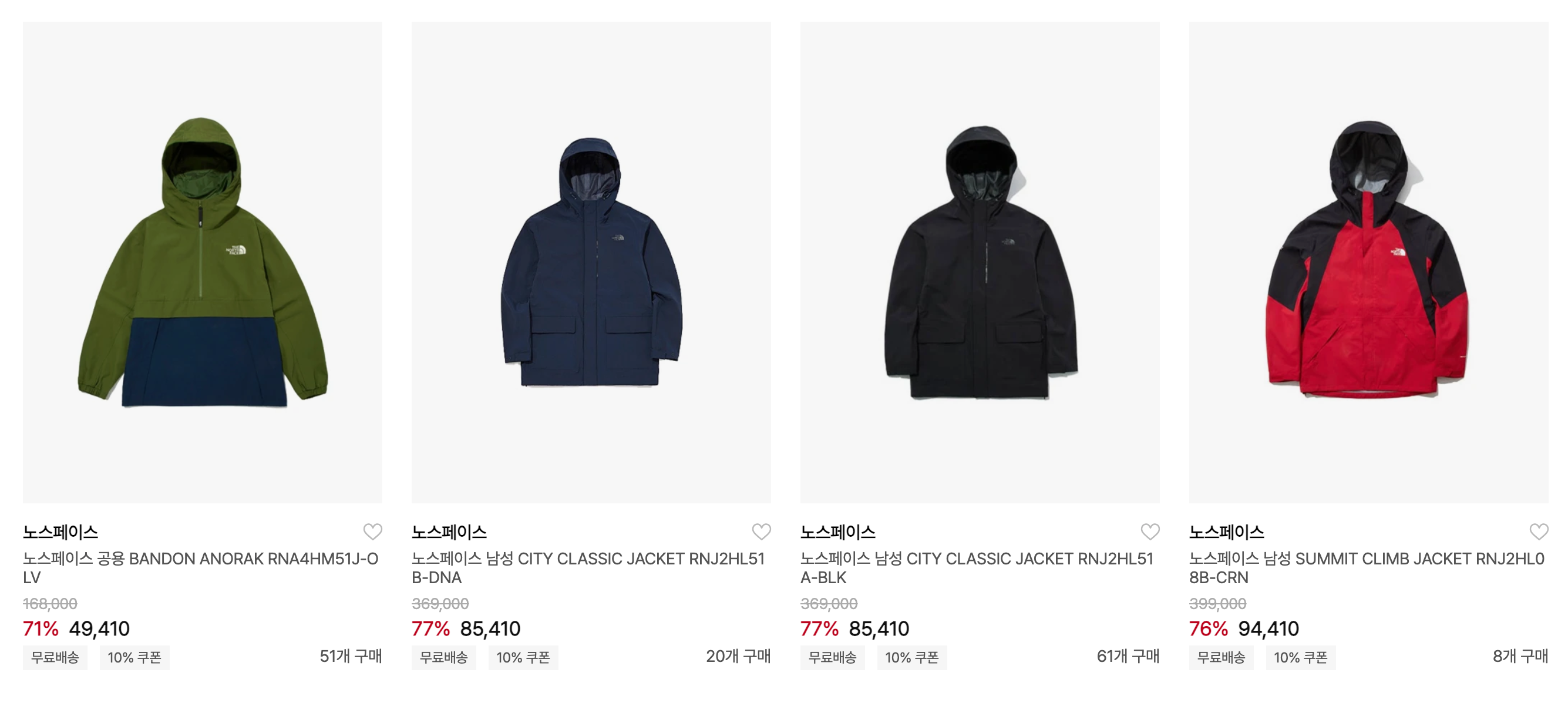 - 스포츠/아웃도어: 네셔널지오그래픽 패딩, 컬럼비아 패딩, 노스페이스 경량패딩, 노스페이스 패딩, 몽벨 경량패딩, 몽벨 바람막이, 언더아머 운동화, 푸마 신발 등
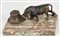 CALAMAIO IN MARMO decorato con toro in antimonio in posizione di carica...
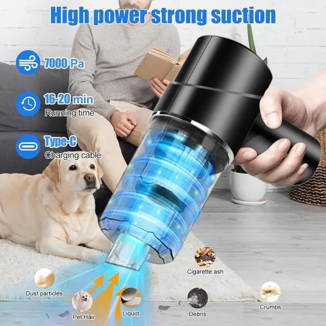 7000Pa high power suctionEquipped with a digital high-speed motor, the handheld vacuum has 7000Pa strong suction power, and is easy to clean dust, and food residue. Once charged only takes less than 2 hours, and can run for 16-20 minutes (Running time may vary depending on cleaning load).
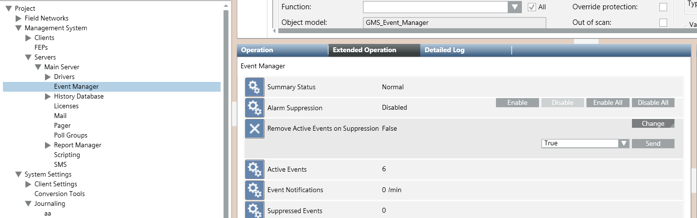 - Next to the Remove Active Events on Suppression property, do the following:
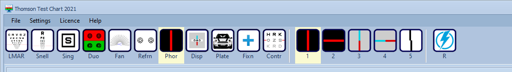 To implement this test on a computer screen it is necessary to use a bar instead of a spot in order to achieve adequate brightness. The colour of the bar can be changed from the Settings screen. Best results are obtained if the bar is matched in colour to the Maddox rod – i.e. a red bar for a red Maddox rod.
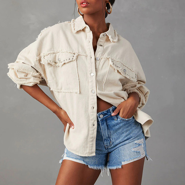 Mode gammaltvättad jeansskjorta med knäppning och strassdekorerad ståkrage
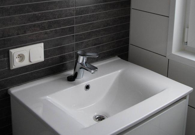 Inside, the chalet is equipped with all comforts, with an area of approximately 50 m². Thanks to good insulation, central heating and air conditioning, it is delightful to stay here in every season. The living space is cosily furnished and features satellite television and Wi-Fi. The kitchen is fully equipped so you can cook carefree. The bathroom is modern and includes a walk-in shower and washbasin. The toilet is located separately, which offers extra comfort for families or multiple guests. There are two bedrooms with comfortable box spring beds and a cosy alcove serves as a third sleeping area – a favourite with children and adults who love a snug sleeping spot..
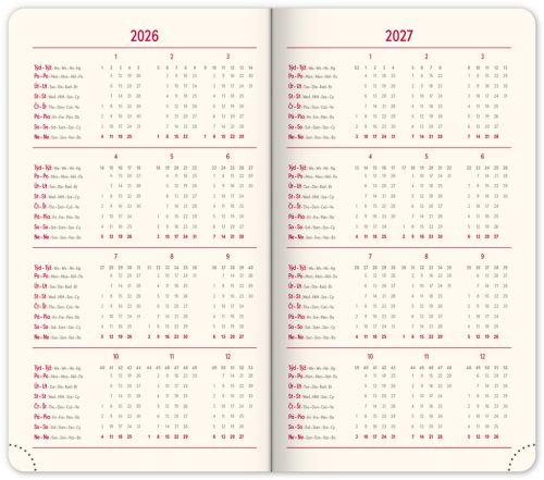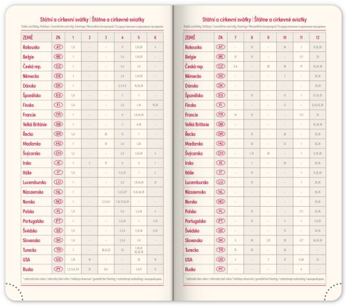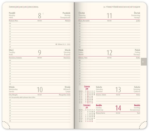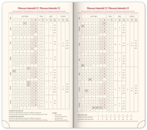Nová, cenově dostupná řada diářů s obálkou z ekologického papíru spojuje styl a udržitelnost. Týdenní rozložení s česko-slovenským kalendáriem a doplňkovou angličtinou, němčinou, maďarštinou a ruštinou.
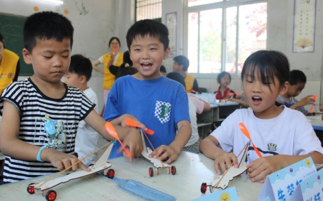 近日,武汉城市职业学院初等教育学院“星火接力,益暖童心”暑期社会实践队在河南省新乡市封丘县潘店镇大辛庄小学为孩子们举办了一场别开生面的科学作品展览。展览上,孩子们亲手制作的纸火箭、风动力小车、皮筋风力小车等科技作品悉数亮相。

^^^^

- WHAT YOU NEED TO DO -
Write back word for word every line in the entries above from the one with "CALAMAIO IN MARMO" to the one with "7000Pa high power", ends included, and none of the pictures.

- WRITTEN SOLUTION -
 CALAMAIO IN MARMO decorato con toro in antimonio in posizione di carica...
 7000Pa high power suctionEquipped with a digital high-speed motor, the handheld vacuum has 7000Pa strong suction power, and is easy to clean dust, and food residue. Once charged only takes less than 2 hours, and can run for 16-20 minutes (Running time may vary depending on cleaning load).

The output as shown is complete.